REIDSVILLE, Ga. - Welcome to Friendship City. Better watch what you say.
Reidsville, population 2,500, bills itself as Friendship City USA.
But four city workers aren't feeling too friendly toward their new mayor - he secretly videotaped every move they made at work for the past few weeks. The tiny camera was hidden in a ceiling tile at city hall, installed with the help of city police.
"You feel like you've been stabbed in the heart and in the back," said Debra Jordan, the assistant city clerk.
Ms. Jordan and her co-workers never dreamed that a camera was recording their every interaction - and the conversations of citizens who came by to pay a water bill or say hello.
Ms. Jordan and two of her co-workers each have spent more than 15 years at City Hall. Mayor Brad Barnard, a former city councilman, took office in January.
The women realized they were under surveillance last week.
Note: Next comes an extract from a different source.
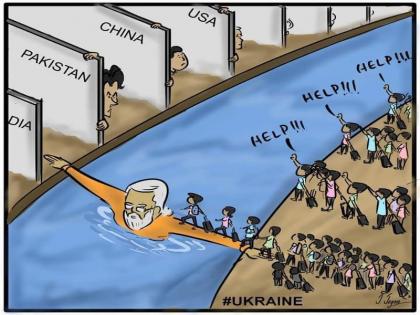 इस पिक्चर में ब्रिज बने भारतीय प्रधानमंत्री नरेंद्र मोदी के हाथों के ऊपर से भारतीय छात्र चढ़कर इंडिया की ओर पहंच रहे हैं। जबकि पाकिस्तान, चीन और अमेरिका के छात्र अपनी सरकारों से मदद मांग रहे हैं लेकिन उनकी सरकार मूकदर्शक बनकर तमाशा देख रही है। इस पिक्चर का संदेश साफ है कि भारत सरकार, अन्य देशों की अपेक्षा आगे आकर अपने देश के छात्रों की मदद कर रही है।

The tip-offs: a step ladder in the mayor's office and a police officer repeatedly going into his office and closing the door. The women confronted Mr. Barnard on Friday.
Mr. Barnard said he used the camera to check whether one of the women was rude to customers. He said Monday that he'd gotten more than 20 anonymous phone calls to that effect and that he tried to have another city worker approach the woman about the issue.
When that failed, Mr. Barnard said, he had no other choice than to investigate the allegations. He talked the matter over with the city attorney, then enlisted the help of the police department. He said he did not suspect the women of anything criminal.
"It wasn't that I was trying to spy on my employees," Mr. Barnard said. "I have a good staff. ... I only did what I thought was necessary to resolve a problem."
Mr. Barnard said the employees did their jobs well on the tapes he watched, and the surveillance proved the allegations false. They should be proud of that, he said.
But the four women are anything but proud.
"We feel violated. Hurt. Devastated," said Linda Nail, whose desk adjoins Ms. Jordan's. City Clerk Gloria Coleman also works in the office. Sometimes, they have personal conversations with people who stop by to pay their bills. Those folks have been violated, too, they say.
But although wire-tapping phones and taping conversations on private property are strictly regulated, it isn't clear whether Mr. Barnard did anything illegal.
City Attorney Curtis Cheney said it's illegal to tape people in places with a "reasonable expectation of privacy" - such as a bathroom or a dressing room. But he doesn't think that there was a clear violation of state law.
Betty Adams, who has served on Reidsville City Council for six years and is the mayor pro tem, said Mr. Barnard was out of line even if he was within the law.
"Let me make it clear that none of the council knew that he was going to do that," Ms. Adams said. "I told him I didn't like the way it was done."